# How can I find out for sure?



## Jeanie (Nov 14, 2011)

Okay, I need help. I just found on the browser history of my husband's computer dozens of searches for escorts in our area and the area he recently travelled to for work. I'm trying to give him the benefit of the doubt that he's just looking (and fantacizing) but I need to know for sure. How do I find out?

I tried to acess his BB's call history..but nothing really. Of course, if he called locally, he could have either used our house phone or the hotel phone. Any suggestions??

He is the type that I could not confront him unless I had undeniable proof (he is never in the wrong....even if he's holding the smoking gun...so to speak).


----------



## EleGirl (Dec 3, 2011)

Escorts cost money. Do you see him taking a lot of cash out of your bank accounts? How about charges on credit cards?

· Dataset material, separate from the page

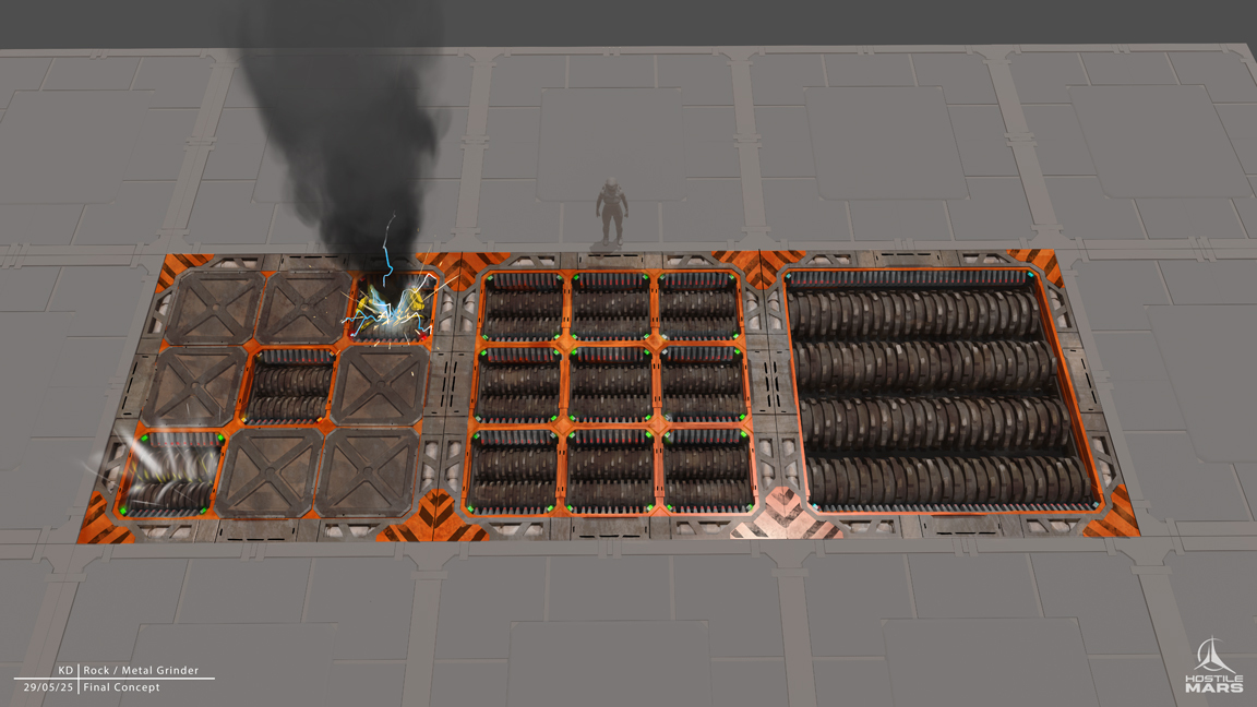 The Rock Crusher is a heavy industrial shredder designed for breaking down metal, especially hostile bots. This final concept gives us a clear visual language for high-power, high-risk processing equipment in the world of Hostile Mars.

Have you considered putting key stroke tracking software on the computer? You would need to know your state laws on this.

Do you have children who are old enough to use the computer? I'm not implying that I think children might be doing this.. it as to do with what you can do on the computer to track him. For the same reason.. what state do you live in?


----------



## PBear (Nov 16, 2010)

Does it matter if he denies it or not? You have just as much of a say in whether the marriage continues or not as he does.

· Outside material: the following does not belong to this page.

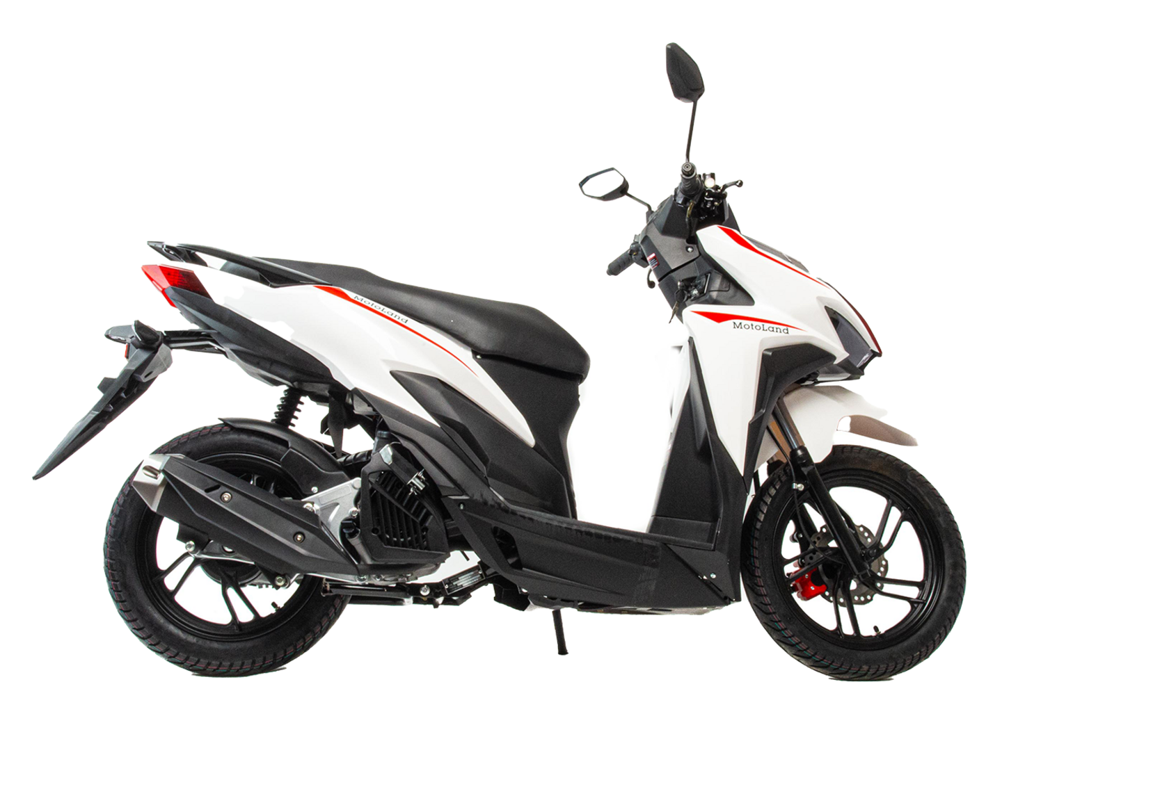 Скутер MotoLand VR 150 - это полноценная эргономичная модель из линейки двухместных скутеров, предназначенный для комфортного передвижения одному, либо вдвоем, как в городских условиях, так и при заездах на дальние расстояния.Уверенности придает мощный двигатель 157 QMK с вариатором, способным держать крейсер в 90 -100 км/ч и на обгонах разгоняться до 120 км/ч. Скутер снабдили множеством новинок: инверсионной LСD панелью приборов, иммобилайзером, выраженными современными светодиодными передними и задними фонарями, новейшей задней подвеской на моноамортизаторе, стояночным тормозом на ручке, широким комфортным сиденьем с защитным металлическим обтекателем по задней части, который в свою очередь еще выполняет функцию ручки-держателя для пассажира, увеличенными 14" колесами на литье и большими передними карманами-бардачками (кофрами). Для удобства, у замка зажигания расположена кнопка открывания бардачка. Ручки руля с грузиками. Также на скутере установлен глушитель нового дизайна, с прямоугольным диффузером и боковой защитой, передние дисковые гидравлические тормоза, усиленные откидные подножки пассажира, расширенные зеркала и большое заднее крыло под номер.

As someone who did the same thing as you've caught your husband doing... In my case, I browsed the websites, CL, etc. Never actually contacted a professional. But it's a definite red flag that something is very wrong in your marriage. It's not just harmless fantasies. Unless the issues are resolved, I'd guess it's only a matter of time till he does cheat. And there's tons of free sources for sex online, and plenty of ways for your husband to hide his tracks.

C
_Posted via Mobile Device_


----------



## Jeanie (Nov 14, 2011)

Elegirl....I don't have access to his credit card account online...he's got a separate account. That would be the only way he could be paying for it though as I haven't seen large cash withdrawls from our main account. I have thought about trying to intercept his statement (if he still receives a paper version). And no...we don't have children old enough to be doing the searching (my son is only 5). I thought about the key stroke logger, but I wasn't sure it would tell me anything I didn't already know...that he's been looking online. 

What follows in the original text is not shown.